Stencil Computation Auto-tuning on Modern Multicore Architectures

May 22, 2009
Kaushik Datta | U.C. Berkeley

Understanding the most efficient design and utilization of emerging multicore systems is one of the most challenging questions faced by the mainstream and scientific computing industries in several decades. Our work explores multicore stencil (nearest-neighbor) computations- a class of algorithms at the heart of many structured grid codes, including PDE solvers. We develop a number of effective optimization strategies in order to build an auto-tuning environment that minimizes runtime while maximizing performance portability. Within this auto-tuning framework, we also employ techniques like machine learning to find near-optimal parameter configurations quickly.
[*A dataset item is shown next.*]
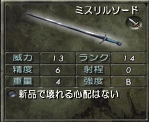 ミスリルという高級そうな名前の通り、威力・精度・重量・強度の全てが高水準なので終盤の主力武器として間違いなく活躍してくれる。

To evaluate the effectiveness of these strategies, we explored the broadest set of multicore architectures in the current HPC literature, including the Intel Clovertown, AMD Barcelona, Sun Victoria Falls, IBM QS22 PowerXCell 8i, and NVIDIA GTX280. Overall, our auto-tuning optimization methodology results in the fastest multicore stencil performance to date. Finally, we present several key insights into the architectural trade-offs of emerging multicore designs and their implications on scientific algorithm development.

Speaker Details

Kaushik Datta is currently working on tuning stencil codes for his Ph.D. thesis at U.C. Berkeley. This work includes incorporating both algorithmic and architecture-specific optimizations into an auto-tuning framework so as to achieve performance portability. Previously, he also worked on writing and tuning the NAS Parallel Benchmarks in the Titanium language. His interests include high performance computing, auto-tuning, and parallel (multicore) programming.